- 発行日 :
- 自治体名 : 秋田県東成瀬村
- 広報紙名 : 広報ひがしなるせ 令和7年6月号
■仙北街道を語る会(それから)
歴史を楽しむとはあまり言わないが、故郷に関わるとなれば事は違う。「仙北街道を語る会」の皆さんは楽しそうに故郷の出来事(歴史)を語る。回を重ねるごとに仲間と故郷が拡がる。東成瀬、湯沢、胆沢(岩手)、金ケ崎(岩手)の有志の集まりが、横手、十文字、鳥海、石鳥谷(岩手)と拡がりを見せた。そして今回、一関(岩手)を故郷にもつ「関西阿弖流為・母禮(アテルイ・モレ:※1)の会」の相談役・和賀亮太郎さんが、遠く京都から参加してくれた。
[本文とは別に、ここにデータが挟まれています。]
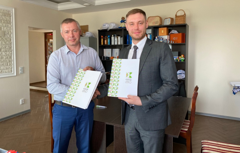 Директор КОГАУ «МФЦ» Николай Нагаев и руководитель Дирекции по организации 650-летия города Кирова Алексей Чепцов подписали соглашение о праве на использование фирменного логотипа «650 Киров».

和賀さんの参加には次のような経緯(いきさつ)がある。
京都・清水寺に、阿弖流為・母禮の顕彰碑がある。この顕彰碑は、関西在住の岩手県立水沢商業高校の出身者の集い「関西水沢同郷会」の活動が発端となり、1994年(平成6年)に建立。顕彰碑の前で毎年11月に、阿弖流為・母禮の法要を執り行っているという。その法要に「仙北街道を語る会」の皆さんに参加してほしい旨の誘いがあり、金ケ崎(出身)のお二人が参加した。その席で、和賀さんからぜひ「仙北街道を語る会」の皆さんにお会いしたいと言われたそうである。
5月下旬、和賀さんをお招きし、上野(御徒町駅前)の居酒屋で懇親会を催した。簡単な自己紹介の後、和賀さんに「関西阿弖流為・母禮の会」の活動状況を語っていただいた。阿弖流為・母禮とは?何せ書物でしか知り得ぬ歴史人物。にわか勉強をして臨んだのではあるが。歴史を辿る岩手の友人たちの探求に感心することしきり。故郷に伝わる英雄の誇りは、語る方も聞く方もいやが応にも力がこもる。歴史を身近に感じさせてくれる楽しいひと時であった。
〝その時代の人物や歴史的背景を学び、故郷の歴史・文化を知る〞「語る会」が目的とする一つである。「この地で」という歴史のキーワード。「仙北道」の歴史・文化を共有する県境を挟む友人たち。お互いの故郷を語り合いながら、歴史を深堀りしていきたいと思う。
※1:8世紀末から9世紀初頭に、陸奥国・胆沢(現在の奥州市)に権勢を誇った蝦夷(えみし)の族長。朝廷と戦った蝦夷の頭領(アテルイ)と副将(モレ)をいう。